» **WHAT TO WORK ON**
Report the number of lines in the data below that hold "natural", without any other words.

» **SOURCE MATERIAL**
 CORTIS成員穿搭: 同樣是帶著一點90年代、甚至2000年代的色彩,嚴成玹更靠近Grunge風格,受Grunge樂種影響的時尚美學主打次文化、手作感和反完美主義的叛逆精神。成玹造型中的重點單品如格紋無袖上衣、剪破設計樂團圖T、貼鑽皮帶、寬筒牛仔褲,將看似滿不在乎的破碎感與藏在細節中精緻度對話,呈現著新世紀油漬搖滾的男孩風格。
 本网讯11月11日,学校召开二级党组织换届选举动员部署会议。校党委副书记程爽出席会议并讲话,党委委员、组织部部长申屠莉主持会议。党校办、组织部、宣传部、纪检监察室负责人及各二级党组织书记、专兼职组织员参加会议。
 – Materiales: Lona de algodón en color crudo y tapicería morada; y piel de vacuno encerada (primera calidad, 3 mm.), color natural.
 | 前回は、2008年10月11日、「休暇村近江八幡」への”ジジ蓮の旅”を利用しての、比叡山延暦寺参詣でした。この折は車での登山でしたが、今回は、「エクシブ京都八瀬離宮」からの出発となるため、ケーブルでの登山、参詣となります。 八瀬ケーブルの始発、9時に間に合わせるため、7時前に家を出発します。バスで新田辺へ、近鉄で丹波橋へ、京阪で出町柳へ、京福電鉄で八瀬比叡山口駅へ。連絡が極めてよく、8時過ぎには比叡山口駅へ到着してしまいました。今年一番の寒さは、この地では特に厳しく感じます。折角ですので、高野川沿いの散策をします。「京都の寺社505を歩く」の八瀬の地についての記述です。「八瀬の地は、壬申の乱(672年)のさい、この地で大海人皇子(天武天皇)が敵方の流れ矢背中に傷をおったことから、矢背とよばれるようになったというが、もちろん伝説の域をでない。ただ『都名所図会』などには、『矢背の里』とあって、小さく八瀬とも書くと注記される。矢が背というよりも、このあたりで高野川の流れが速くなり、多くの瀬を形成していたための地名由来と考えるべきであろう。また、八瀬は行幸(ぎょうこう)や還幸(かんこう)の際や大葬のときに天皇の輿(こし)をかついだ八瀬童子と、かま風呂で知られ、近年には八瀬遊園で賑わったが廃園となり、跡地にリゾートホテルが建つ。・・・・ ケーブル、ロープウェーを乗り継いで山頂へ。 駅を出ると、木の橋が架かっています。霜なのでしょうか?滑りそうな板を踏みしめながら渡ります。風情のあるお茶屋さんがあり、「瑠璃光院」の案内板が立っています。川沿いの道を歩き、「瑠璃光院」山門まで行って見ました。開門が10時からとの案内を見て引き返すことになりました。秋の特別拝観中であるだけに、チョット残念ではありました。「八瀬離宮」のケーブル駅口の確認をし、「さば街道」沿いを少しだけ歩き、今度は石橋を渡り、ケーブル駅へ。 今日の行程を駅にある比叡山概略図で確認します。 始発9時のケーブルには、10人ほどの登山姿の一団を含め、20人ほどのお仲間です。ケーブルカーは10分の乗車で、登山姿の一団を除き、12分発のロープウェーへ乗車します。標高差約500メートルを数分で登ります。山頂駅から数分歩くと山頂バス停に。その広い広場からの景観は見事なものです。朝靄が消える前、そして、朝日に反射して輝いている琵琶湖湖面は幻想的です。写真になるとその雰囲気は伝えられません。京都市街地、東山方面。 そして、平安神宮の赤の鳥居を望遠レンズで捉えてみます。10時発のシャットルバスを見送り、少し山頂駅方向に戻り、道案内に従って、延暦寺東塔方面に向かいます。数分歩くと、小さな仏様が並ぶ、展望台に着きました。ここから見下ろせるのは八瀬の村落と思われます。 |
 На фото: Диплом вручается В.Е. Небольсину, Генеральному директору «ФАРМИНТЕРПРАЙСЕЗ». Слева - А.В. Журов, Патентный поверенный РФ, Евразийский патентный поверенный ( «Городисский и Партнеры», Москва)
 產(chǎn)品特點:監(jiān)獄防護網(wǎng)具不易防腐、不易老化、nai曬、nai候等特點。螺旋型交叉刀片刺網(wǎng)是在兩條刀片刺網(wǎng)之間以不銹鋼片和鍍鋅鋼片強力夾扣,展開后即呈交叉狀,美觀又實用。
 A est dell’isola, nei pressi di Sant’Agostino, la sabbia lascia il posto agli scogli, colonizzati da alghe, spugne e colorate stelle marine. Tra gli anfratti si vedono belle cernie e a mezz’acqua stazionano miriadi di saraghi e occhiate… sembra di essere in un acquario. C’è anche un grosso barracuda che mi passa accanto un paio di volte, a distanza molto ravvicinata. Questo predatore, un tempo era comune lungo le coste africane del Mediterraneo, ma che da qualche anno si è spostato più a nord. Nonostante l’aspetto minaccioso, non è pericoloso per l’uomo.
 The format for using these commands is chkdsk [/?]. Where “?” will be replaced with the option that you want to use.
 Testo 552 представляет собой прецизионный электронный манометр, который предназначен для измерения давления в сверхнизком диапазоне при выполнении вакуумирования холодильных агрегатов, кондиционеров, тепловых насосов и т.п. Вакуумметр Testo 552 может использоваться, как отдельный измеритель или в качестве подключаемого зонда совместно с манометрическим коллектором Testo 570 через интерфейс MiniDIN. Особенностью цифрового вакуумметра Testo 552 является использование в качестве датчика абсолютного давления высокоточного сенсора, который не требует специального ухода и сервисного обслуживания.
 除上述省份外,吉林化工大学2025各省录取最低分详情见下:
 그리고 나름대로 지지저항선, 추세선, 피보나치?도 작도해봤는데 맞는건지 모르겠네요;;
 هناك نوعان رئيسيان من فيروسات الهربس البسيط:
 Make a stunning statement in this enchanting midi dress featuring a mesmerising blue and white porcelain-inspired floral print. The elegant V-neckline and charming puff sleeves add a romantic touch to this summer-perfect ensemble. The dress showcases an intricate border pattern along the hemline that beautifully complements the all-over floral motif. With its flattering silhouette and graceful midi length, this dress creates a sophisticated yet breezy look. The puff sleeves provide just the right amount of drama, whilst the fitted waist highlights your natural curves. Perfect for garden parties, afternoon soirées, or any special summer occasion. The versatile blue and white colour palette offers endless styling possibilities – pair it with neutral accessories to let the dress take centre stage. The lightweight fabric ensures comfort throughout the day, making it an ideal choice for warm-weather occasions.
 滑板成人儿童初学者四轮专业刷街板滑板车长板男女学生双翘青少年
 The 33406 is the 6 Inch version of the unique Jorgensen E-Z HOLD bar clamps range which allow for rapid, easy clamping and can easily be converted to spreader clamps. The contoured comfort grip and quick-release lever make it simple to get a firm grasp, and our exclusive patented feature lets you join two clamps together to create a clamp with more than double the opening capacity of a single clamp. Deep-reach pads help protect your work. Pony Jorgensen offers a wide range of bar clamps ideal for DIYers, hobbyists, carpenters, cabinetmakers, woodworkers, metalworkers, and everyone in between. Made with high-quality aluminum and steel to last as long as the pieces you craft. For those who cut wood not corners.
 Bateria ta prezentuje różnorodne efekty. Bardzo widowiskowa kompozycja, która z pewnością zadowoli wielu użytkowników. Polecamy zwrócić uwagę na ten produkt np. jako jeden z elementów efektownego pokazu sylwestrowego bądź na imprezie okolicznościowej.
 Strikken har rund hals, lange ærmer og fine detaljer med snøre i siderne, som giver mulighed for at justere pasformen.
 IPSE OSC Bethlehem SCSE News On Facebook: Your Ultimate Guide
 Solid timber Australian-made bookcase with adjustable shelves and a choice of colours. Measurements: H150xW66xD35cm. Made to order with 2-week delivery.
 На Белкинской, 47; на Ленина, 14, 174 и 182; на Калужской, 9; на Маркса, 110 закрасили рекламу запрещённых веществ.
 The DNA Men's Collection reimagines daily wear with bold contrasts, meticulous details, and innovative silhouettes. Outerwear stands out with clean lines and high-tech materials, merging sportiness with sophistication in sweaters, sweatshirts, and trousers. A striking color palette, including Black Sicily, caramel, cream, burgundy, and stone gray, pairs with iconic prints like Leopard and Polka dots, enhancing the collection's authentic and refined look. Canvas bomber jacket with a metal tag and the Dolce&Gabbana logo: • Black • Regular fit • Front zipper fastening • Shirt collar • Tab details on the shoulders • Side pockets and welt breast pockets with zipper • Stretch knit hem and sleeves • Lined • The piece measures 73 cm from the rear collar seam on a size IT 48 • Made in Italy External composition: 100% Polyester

» **ANSWER BOX**
2